C Question

what is difference between structure padding in c on 32bit and 64bit architecture?

i read that memory is arranged as a group of 4 bytes in 32 bit processor and 8 bytes in 64 bit processor from but didn't clarify the difference between these two.

struct structure2
int id1;
char name;
int id2;
char c;
float percentage;


By 32 bit processor (more specifically speaking, It is talking about size of data bus rather than size of registers), It means 32 bits(4 Bytes) of data will be read and processed at a time.

Now, Consider an int:

int a=10; //assuming 4 bytes

00000000 000000000 00000000 00001010

Assuming little endian architecture, it would be stored as:

| 00001010  |  00000000  |  00000000   |  00000000   |  <something_else>   
  1st byte     2nd byte     3rd byte      4th byte
               4 bytes processed together

In this case when the processor will read the data to be processed, It can process the entire integer in one go (all 4 bytes together)(In 1 machine cycle more strictly speaking)

However consider a case where the same integer was stored as,

|<something_else>| 00001010  |  00000000  |  00000000   |  00000000   |     
  1st byte     2nd byte     3rd byte      4th byte
               4 bytes processed together

In this case, the processor would need 2 machine cycles to read the integer.

Most of the architecture always try to minimize the CPU cycles. Hence the 1st arrangement in memory is preferred by many compilers and thus enforce alignment requirements (padding). So 4 byte ints are stored in addresses starting at multiple of 4s, chars are stored in multiple of 1s, 8 byte doubles are stored in multiple of 8s, 8 byte long long int in multiple of 8s and so on...

Now consider your structure

struct structure2 
       int id1;   //assuming 4 byte int
       char name;  // 1byte
       int id2;    //4 byte
       char c;     // 1 byte
       float percentage;    //assuming 4 byte float                  

id1 will get stored in some address(starting multiple of 4)in memory and take 4 bytes.

name will take the next byte.

now if id2 gets stored in next byte, It will break the alignment rule above. So it would Leave 3 Bytes of padding and get stored starting with adress which is next multiple of 4 and will take 4 bytes.

For c again the same thing happens as name. It takes next 1 byte and keeps 3 byte of padding.

At last percentage gets stored in next 4 bytes.

So total size of structure becomes 20 bytes.

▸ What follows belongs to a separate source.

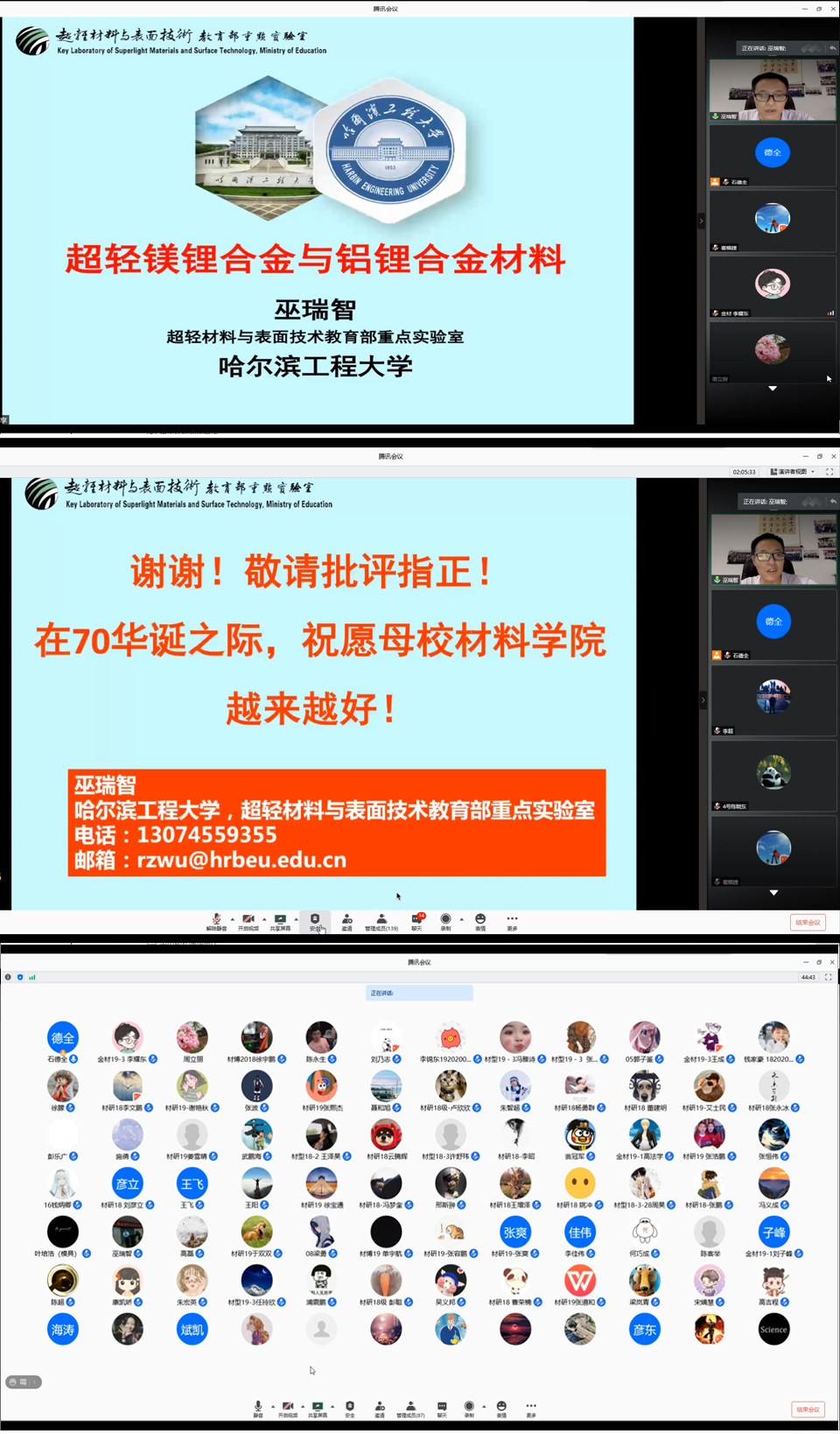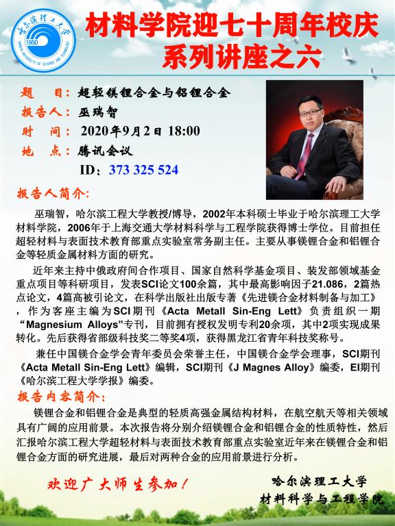 为庆祝学校建校七十周年,材料学院开展迎校庆系列讲座活动。2020年9月2日18时,邀请哈尔滨理工大学材料学院2002届毕业生、超轻材料与表面技术教育部重点实验室常务副主任、哈尔滨工程大学博士生导师巫瑞智教授作为讲座嘉宾,通过腾讯会议线上形式以“超轻镁锂合金与铝锂合金”为题,与我院金属材料和材料成型专业学生、教师以进行了分享和交流,出席在线参会人数达145人。

A more complicated case would be say

struct mystructure
   char        a; //1 byte char
   double      b; // 8 byte double
   int         c; // 4 byte int

Here one may at first glance say that size would be 20 bytes(1 byte for char + 7 byte padding + 8 byte for double + 4 byte for int).

However the actual size would be 24 bytes.

Say somebody declared an array of this structure

struct mystructre arr[4];

Here(assuming 20 byte structure) although arr[0] is properly aligned, but if you check carefully you'll find that arr[1].b is misaligned. So 4 bytes of extra padding is added at the end of structure to make the structure size multiple of its alignment.(Every structure also has its own alignment requirements).

Hence the total size would be 24 bytes.

The size of the integer,long etc. are decided by the compiler. The compiler generally takes care of the processor architecture but it may choose not to.

Similarly, whether to use padding or not is decided by the compiler. Not padding is known as packing. Some compilers have explicit options for allowing packing.

In GCC(GNU C compiler) you can do it with attribute((packed)), so in the following code

struct __attribute__((__packed__)) mystructure2 
 char a;
 int b;
 char c;

mystructure2 has size 6 bytes because of explicit request to pack the structure. This structure will be slower to process.

You can probably figure it out yourself by now, what would happen in 64 bit processor, or if size of int was different.